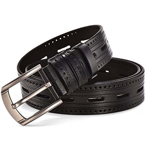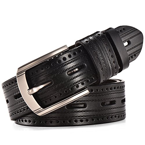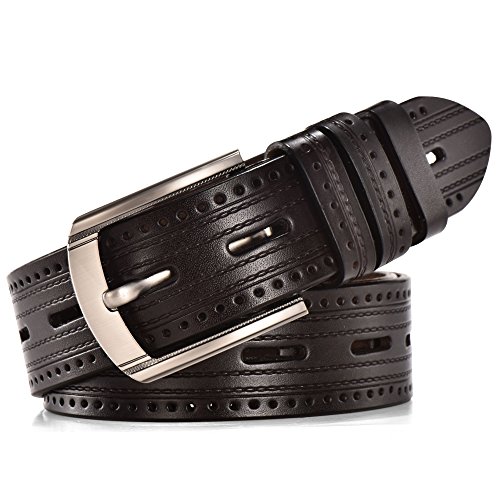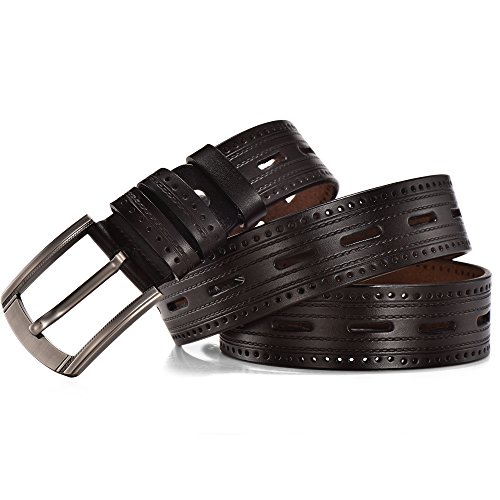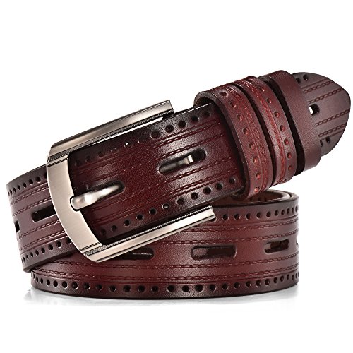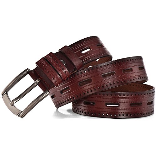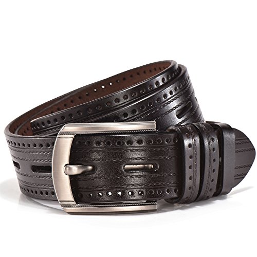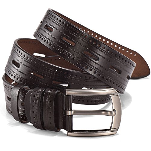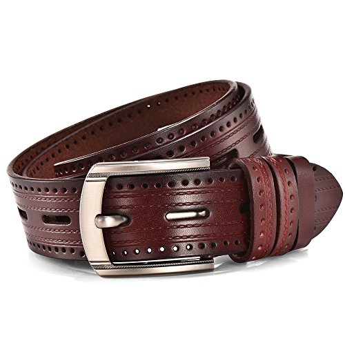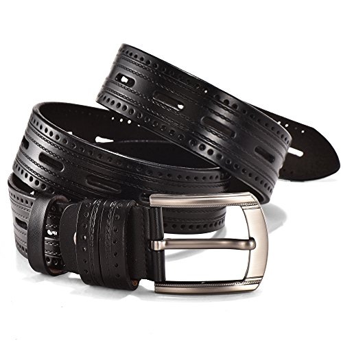 -. Feature : 100% Genuine Leather Cowhide / Trim to fit. All belts could be adjusted, just don't worry about the size. We will send you a hole puncher in every orders / 1.5"(38mm) Wide available in 3 colors and suitable for size 28-42 waist / Black, brown and red-brown belt, single prong buckle with stirrup buckle are made with zinc alloy to create a substance with greater strength and durability / New fashion design, high quality leather flat big holes with two row small dots on the whole belt body, and also keep classic and vintage features. Suitable for any occasion whatever work, business and leisure or fashion and casual wear
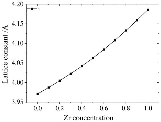 Table 1 shows the results of lattice constants of Pb(ZrxTi1−x)O3 in cubic and tetragonal phases. It can be seen that the calculated lattice constants are in good agreement with the experimental values, indicating that the virtual crystal approximation method as well as the calculation parameter settings are of good applicability. Following this, we carried out calculations of this work based on the lattice constants. The relationship between the lattice constant and Zr content of the cubic phase Pb(ZrxTi1–x)O3 is shown in Figure 2, which shows that the lattice constant a increases gradually with the increase in Zr content, and the change in the lattice constant satisfies the first-order Vegard’s law.
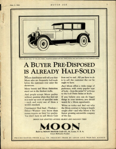 Title (ebay affiliate link): 1924 Moon Motor Cars Ad: Series A Two Door Sedan - St. Louis, Missouri
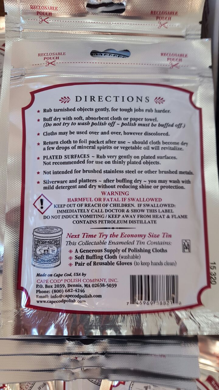 C помощью салфеток Cape Cod Вы сможете самостоятельно придать блеск и убрать мелкие царапины и потертости придав первоначальное состояние вашим часам и браслету, ювелирным украшениям, ножам, а так же любым изделиям из металлов!
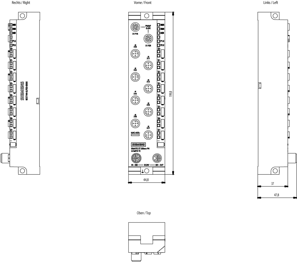 Feldbusanschluss über seperaten Buskoppler möglich:

----------

• **ACTIVITY**: Your answer should hold only the lines from the one with "Title (ebay affiliate" through the final line of the listing above, transcribed exactly and without pictures.

• **RESULT**:
 Title (ebay affiliate link): 1924 Moon Motor Cars Ad: Series A Two Door Sedan - St. Louis, Missouri
 C помощью салфеток Cape Cod Вы сможете самостоятельно придать блеск и убрать мелкие царапины и потертости придав первоначальное состояние вашим часам и браслету, ювелирным украшениям, ножам, а так же любым изделиям из металлов!
 Feldbusanschluss über seperaten Buskoppler möglich:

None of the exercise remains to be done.